Show code cell source Hide code cell source

# fetch dataset from Kaggle
import kagglehub
path = kagglehub.dataset_download("uciml/breast-cancer-wisconsin-data/versions/2")
data = pd.read_csv(path+"/data.csv")
x = data[["concavity_mean", "texture_mean"]] # pick two features
# normalize the columns of x individually
x = (x - x.min()) / (x.max() - x.min())

# y includes our labels and x includes our features
y = data.diagnosis      # M or B 
list = ['diagnosis']

x_train, x_test, y_train, y_test = train_test_split(x, y, test_size=0.3, random_state=1)
# Create and train the Nearest Centroid Classifier
classifier = NearestCentroidClassifier()
classifier.fit(x_train.values,y_train.values)
print("Centroids: ", classifier.centroid_0, classifier.centroid_1)
# Predict the classes for the test data
y_pred = classifier.predict(x_test.values)
# Calculate and print the accuracy
print(("Accuracy: %.2f" % accuracy_score(y_test, y_pred)))

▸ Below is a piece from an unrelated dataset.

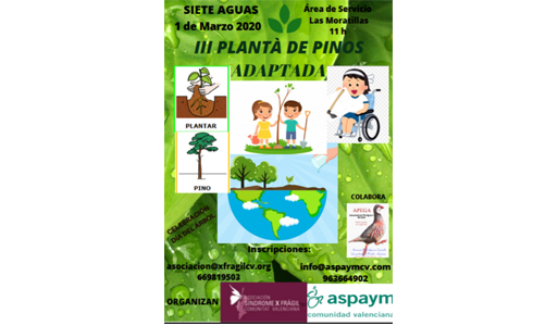 Fuente: ASPAYM y XFrágil Este domingo 1 de marzo en Siete Aguas (Valencia) se realizará una plantación de pinos organizada por X Frágil Comunidad Valenciana en colaboración con ASPAYM Comunidad...

# Create meshgrid for plotting decision boundaries
xx, yy = np.meshgrid(np.linspace(0, 1, 300),
                     np.linspace(0, 1, 300))
grid = np.c_[xx.ravel(), yy.ravel()]
# Predict the class for each point in the meshgrid
y_vals = np.unique(y)
Z = classifier.predict(grid)
Z_bin = Z==y_vals[1]
zz = Z_bin.reshape(xx.shape)
# Plot the decision boundary
plt.figure(figsize=(10, 10))
plt.contourf(xx, yy, zz, alpha=0.8)
# Plot also the training points
y_bin = y_train==y_vals[1]
plt.scatter(x_train.concavity_mean[y_bin], x_train.texture_mean[y_bin], alpha=0.8, color="r")
plt.scatter(x_train.concavity_mean[~y_bin], x_train.texture_mean[~y_bin], alpha=0.8, color="b")
legend = ["$c_1$ (M)", "$c_2$ (B)"]
if x_test is not None:
  plt.scatter(x_test.concavity_mean, x_test.texture_mean, alpha=1, color="w",marker='o',edgecolors='k', s=50)
  legend = ["$c_1$ (M)", "$c_2$ (B)", "?"]
plt.scatter(classifier.centroid_0[0], classifier.centroid_0[1], color="b",marker='o',edgecolors='k', s=250)
plt.scatter(classifier.centroid_1[0], classifier.centroid_1[1], color="r",marker='o',edgecolors='k', s=250)
plt.title("Breast Cancer Diagnosis")
plt.xlabel("concavity (normalized to range [0,1])")
plt.ylabel("texture (normalized to range [0,1])")
plt.legend(legend)
plt.show()

Centroids:  [0.10661361 0.27544877] [0.38011234 0.4145867 ]
Accuracy: 0.86

../_images/a6dfd3a66ba14539c16a27450c5430f1aaf0fa3673c7cc2496739d6241367df4.png

In the plot, the red and blue dots represent the training data points for malignant and benign samples, respectively. The white dots represent the test data points. The decision boundary is shown in the background, where the color indicates the predicted class for each point in the feature space. The large circles indicate the centroids of each class.

Summary#

We have introduced the concept of vector spaces and their properties as well as Euclidean Space as an important vector space. We have also discussed the \(k\)-means clustering algorithm and the Nearest Centroid Classifier, both of which operate in Euclidean space using basic vector operations.